Илья Артамонов хохочет в тёмное, круглое, как сковородка, лицо её, в широкий нос, – Алексей победил, сын Барских, шатаясь, идёт к двери, а Илья, грубо дёрнув руку Баймаковой, приказывает:
– Ну-тко, сватья, выходи!
Побледнев, размахивая свободной рукою, она гневно и растерянно отбивается:
– Что ты! Али мне вместно, что ты?
Гости примолкли, ухмыляясь, Помялов переглянулся с Барской, масляно шипят его слова:
– Ну, ничего! Утешь, Ульяна, спляши! Господь простит…
– Грех – на меня! – кричит Артамонов.
Он как будто отрезвел, нахмурился и точно в бой пошёл, идя как бы не своей волей. Баймакову толкнули встречу ему, пьяненькая женщина пошатнулась, оступилась и, выпрямясь, вскинув голову, пошла по кругу, – Пётр услышал изумлённый шёпот:
– А, батюшки! Муж в земле ещё года не лежит, а она и дочь выдала и сама пляшет!
Не глядя на жену, но понимая, что ей стыдно за мать, он пробормотал:
– Не надо бы отцу плясать.
– И матушке не надо бы, – ответила она тихо и печально, стоя на скамье и глядя в тесный круг людей, через их головы; покачнувшись, она схватилась рукою за плечо Петра.

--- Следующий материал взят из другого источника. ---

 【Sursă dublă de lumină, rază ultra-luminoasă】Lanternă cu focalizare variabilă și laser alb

– Тише! – сказал он ласково, поддержав её за локоть.
В открытые окна, через головы зрителей, вливались отблески вечерней зари, в красноватом свете этом кружились, как слепые, мужчина и женщина. В саду, но дворе, на улице хохотали, кричали, а в душной комнате становилось всё тише. Туго натянутая кожа бубна бухала каким-то тёмным звуком, верещала гармоника, в тесном круге парней и девиц всё ещё, как обожжённые, судорожно метались двое; девицы и парни смотрели на их пляску молча, серьёзно, как на необычно важное дело, солидные люди частью ушли во двор, остались только осовевшие, неподвижно пьяные.

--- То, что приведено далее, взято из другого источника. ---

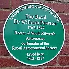 A plaque at the Rectory, South Kilworth, commemorating the astronomer William Pearson.

Артамонов, топнув, остановился:
– Ну, забила ты меня, Ульяна Ивановна!
Женщина, вздрогнув, тоже вдруг встала, как пред стеною, и, поклонясь всем круговым поклоном, сказала:
– Не обессудьте.
Обмахиваясь платком, она тотчас ушла из комнаты, а на смену ей влезла Барская:
– Разводите молодых! Ну-ко, Пётр, иди ко мне; дружки, – ведите его под руки!
Отец, отстранив дружек, положил свои длинные, тяжёлые руки на плечи сына:
– Ну, иди, дай бог счастья! Обнимемся давай!

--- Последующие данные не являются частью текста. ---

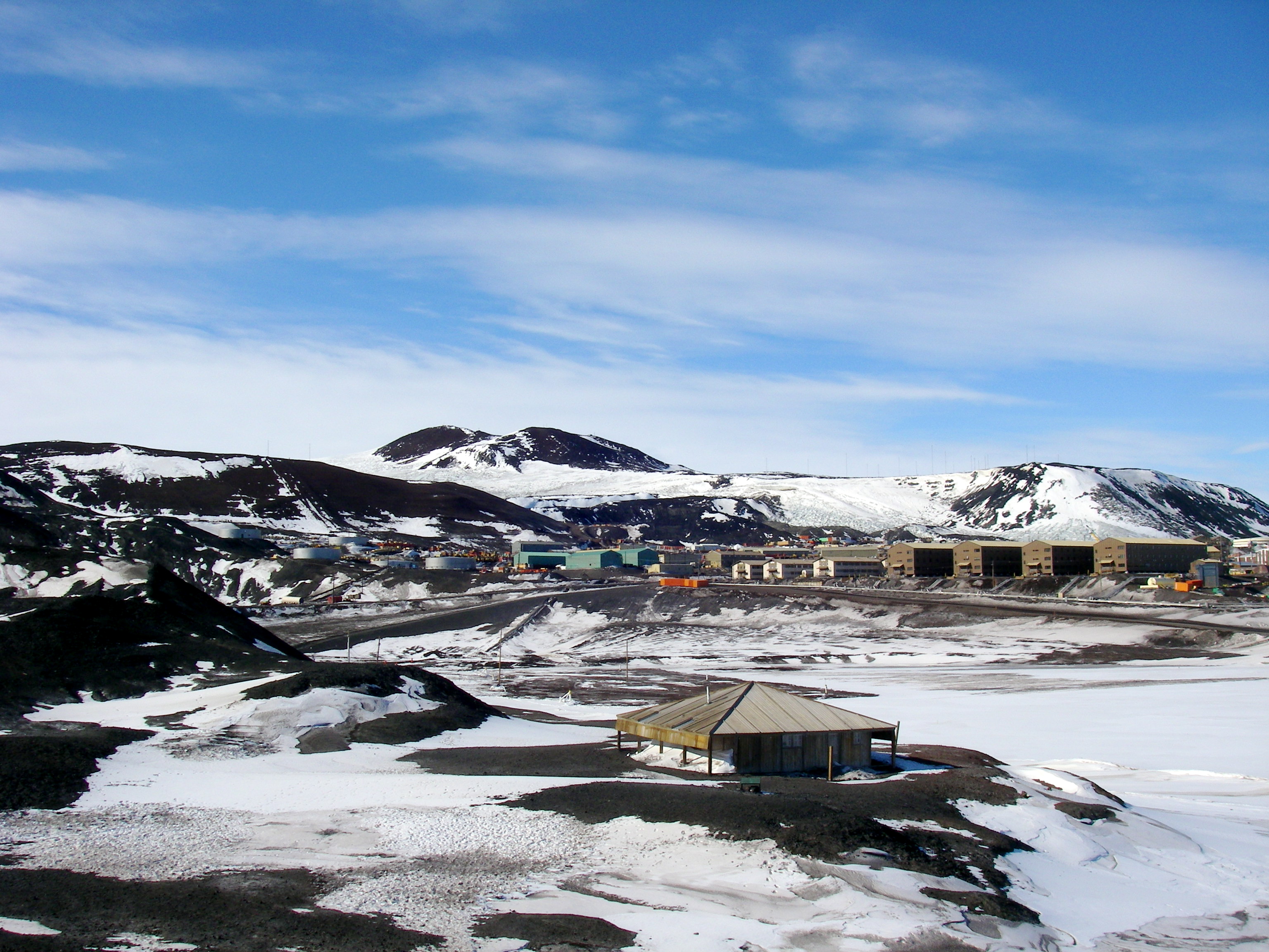 McMurdo Station. Scott's Hut at Hut Point. Supply ships dock in the inlet area when the sound is open. Note the black volcanic rock.

Он толкнул его, дружки подхватили Пётра под руки, Барская, идя впереди, бормотала, поплёвывая во все стороны:
– Тьфу, тьфу! Ни болезни, ни горюшка, ни зависти, ни бесчестьица, тьфу! Огонь, вода – вовремя, не на беду, на счастье!
Когда Пётр вошёл вслед за ней в комнату Натальи, где была приготовлена пышная постель, старуха тяжело села посреди комнаты на стул.
– Слушай, да – не забудь! – торжественно говорила она. – Вот тебе две полтины, положи их в сапоги, под пятку; придёт Наталья, встанет на колени, захочет с тебя сапоги снять, – ты ей не давай…
– Зачем это? – угрюмо спросил Пётр.
– Не твоё дело. Три раза – не дашь, а в четвёртый – разреши, и тут она тебя трижды поцелует, а полтинники ты дай ей, скажи: дарю тебе, раба моя, судьба моя! Помни! Ну, разденешься и ляг спиной к ней, а она тебя просить будет: пусти ночевать! Так ты – молчи, только в третий раз протяни ей руку, – понял? Ну, потом…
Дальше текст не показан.